Data excerpts
========================
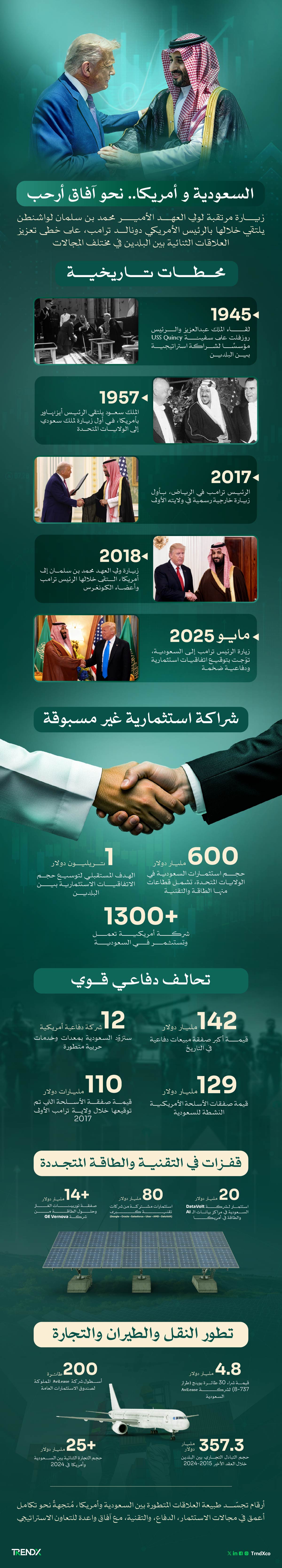تشهد العلاقات السعودية-الأمريكية ازدهارًا مستمرًا، مع استثمارات سعودية ضخمة تفوق 600 مليار دولار، وصفقات دفاعية وتكنولوجية متطورة، مما يعكس عمق الشراكة الاقتصادية والاستراتيجية التي ترتبط برؤية مشتركة للنمو والتعاون المستدام.
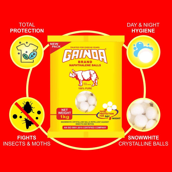GAINDA Naphthalene Balls White Kapoor Goli Stain-Free Anti-Insect, Repellant Mothballs Sanitary Cubes for Commercial Use Cloth Wardrobe, Almirah, Bookshelves, & Drawers - 1kg
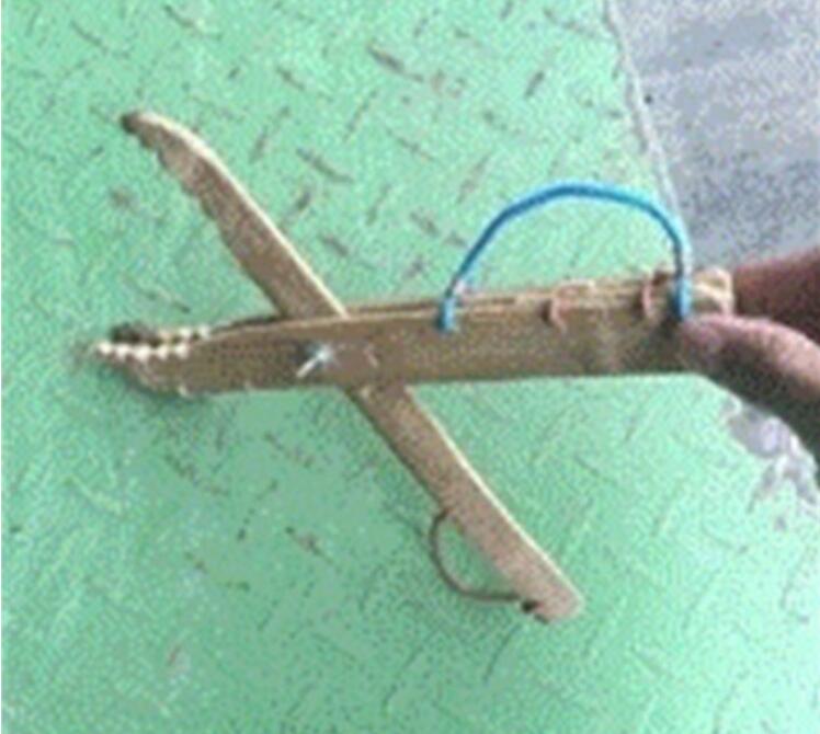 另一块从缝中穿过,对中三孔,绑以铁丝,夹子就做好了。
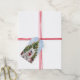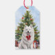 Auf der einen Seite dieses Weihnachtsgeschenktafels befindet sich ein Aquarell-Bild eines wunderschönen weißen Samoyed Hundes vor einem verzierten Holiday-Baum. Der Hund trägt einen hellen roten Bogen. Auf der Rückseite des Tags befindet sich ein Bild von leicht eingewickelten Geschenkpaketen, sowie ein eigener Text.
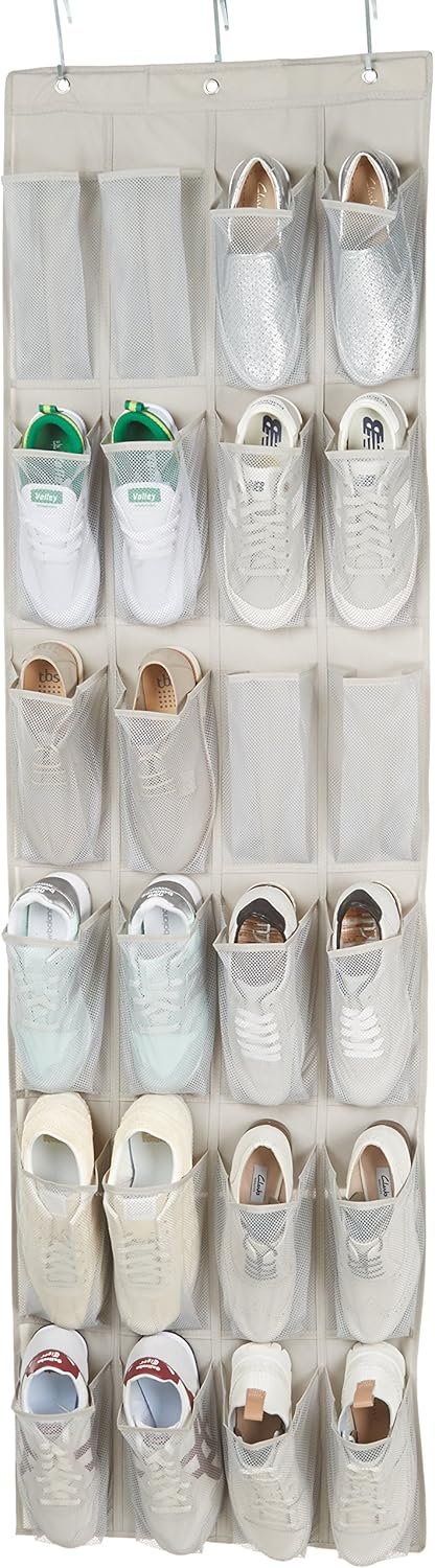 - 24 pockets for shoe storage: Each mesh pocket measures 8.8″ tall x 4.5″ wide, ideal for sneakers, flats, and sandals.
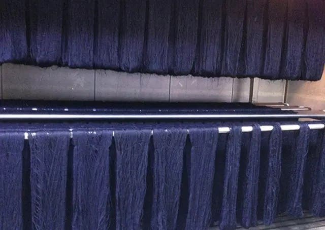 武州正藍染の糸染めは、糸を染め上げてから織るため使用していくごとに「青縞」と呼ばれる、美しい自然のストライプが生まれます。
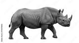Isolated rhinoceros standing, mammal with horn on nose, African wildlife animal
========================
_Problem:_ Only the lines from the first line of the data above through the line with "另一块从缝中穿过,对中三孔,绑以铁丝,夹子就做好了。" should appear in the answer, retyped exactly, with every picture left out.

_Task answer:_
تشهد العلاقات السعودية-الأمريكية ازدهارًا مستمرًا، مع استثمارات سعودية ضخمة تفوق 600 مليار دولار، وصفقات دفاعية وتكنولوجية متطورة، مما يعكس عمق الشراكة الاقتصادية والاستراتيجية التي ترتبط برؤية مشتركة للنمو والتعاون المستدام.
GAINDA Naphthalene Balls White Kapoor Goli Stain-Free Anti-Insect, Repellant Mothballs Sanitary Cubes for Commercial Use Cloth Wardrobe, Almirah, Bookshelves, & Drawers - 1kg
 另一块从缝中穿过,对中三孔,绑以铁丝,夹子就做好了。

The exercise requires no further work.